Red Beans and Rice: A Journey from Africa to Haiti to New Orleans

“It was an affirmation of our city,” says New Orleanian food historian Lolis Eric Elie.

One may think that most New Orleanian food comes from French influence, and it does, but that myopia very much ignores those who shaped everything in the lakeside city, from its food to its street names: the Haitian people.

“Think about the three places that red beans and rice are emblematic,” Lolis Eric Elie, writer, journalist, documentary filmmaker, food historian and author of “Treme: Stories and Recipes from the Heart of New Orleans,” tells TODAY.com, referencing Haiti, New Orleans and Cuba, where the dish is simmered with ham. “During the Haitian Revolution, Haitians of all colors and social designations fled to two places, they went to eastern Cuba and New Orleans.”

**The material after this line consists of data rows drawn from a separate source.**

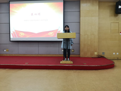 活动第三项,团委书记讲话。郭婷婷老师讲到,同学们要处理好学习和工作之间的平衡问题,强调在大学期间不仅要有学习能力这单一的能力,还需要有处理各种问题的综合能力,更需要兼顾左右的平衡能力。同时也悉心提醒大家正确认识员工身份与员工干部的身份,并学会面对和应对工作中的压力。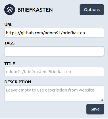 Es gibt eine Begleitbrowser -Erweiterung in den Arbeiten, mit der Sie Ihrem Gewölbe Websites hinzufügen können, während Sie das Web durchsuchen. Es kann in ndom91/briefkasten-extension und im Chrome-Erweiterungsgeschäft gefunden werden. Weitere Details in diesem Repository.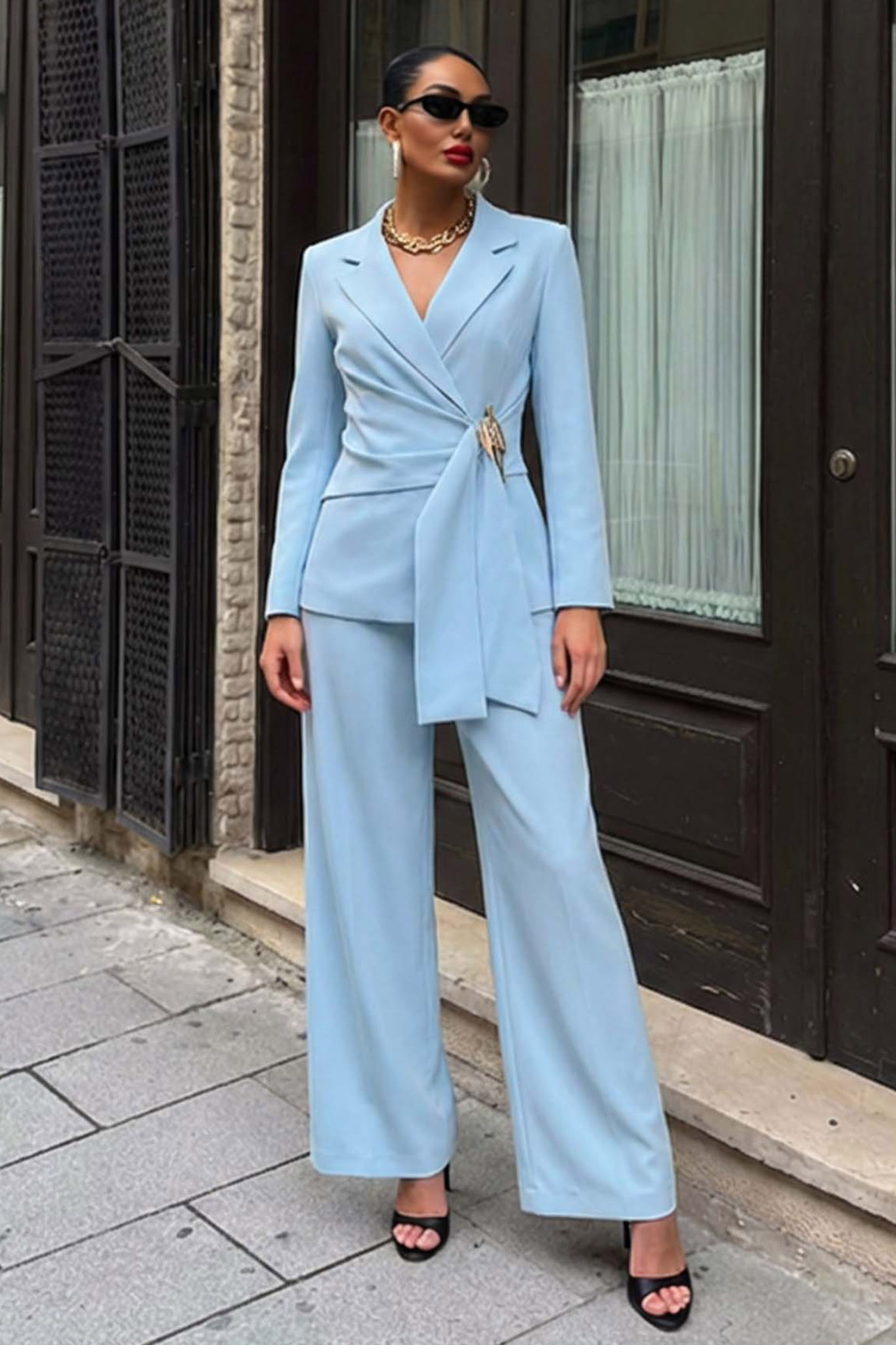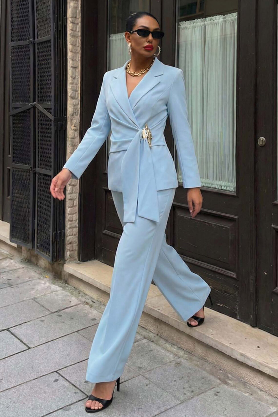 Σετ κοστούμι που αποτελείται από μεσάτο κρουαζέ σακάκι και ψηλόμεση φαρδιά παντελόνα. Το σακάκι ξεχωρίζει για το δέσιμο στο πλάι που αναδεικνύεται από ένα εντυπωσιακό χρυσό κόσμημα-αγκράφα, προσφέροντας μια πολυτελή και δυναμική εμφάνιση.

After the Haitian people gained independence from the French on Jan. 1, 1804, free Blacks, whites and formerly enslaved folk fled the country for the first time. Initially, nearly 10,000 Haitians arrived on American shores, making New Orleans their new home and nearly doubling the city’s population at the time. Between 1791 and 1810, that number grew to more than 25,000 refugees, and they had a big influence on the music, food, architecture of New Orleans.

“It seems to me — and I emphasize the words ‘seems to me’ — that that is the Haitian influence,” Elie says, adding that there are still people in the part of Cuba where Haitians settled who speak Creole. “People talk about New Orleans and they always try to define our food by French and to a lesser extent, its Spanish influences, but they conveniently forget that the most recent large influx of francophone people came from Haiti, not from France.”

There is a Haitian recipe for red beans and rice (also known as diri kole ak pwa wouj) that has been made by Haitian people and their descendants for decades, utilizing epis, Haiti’s emblematic seasoning base. When the dish is made in New Orleans, however, it is made with what city dwellers call the “holy trinity”: celery, bell pepper and onion, though many New Orleanians also add cayenne pepper, smoked andouille sausage and more.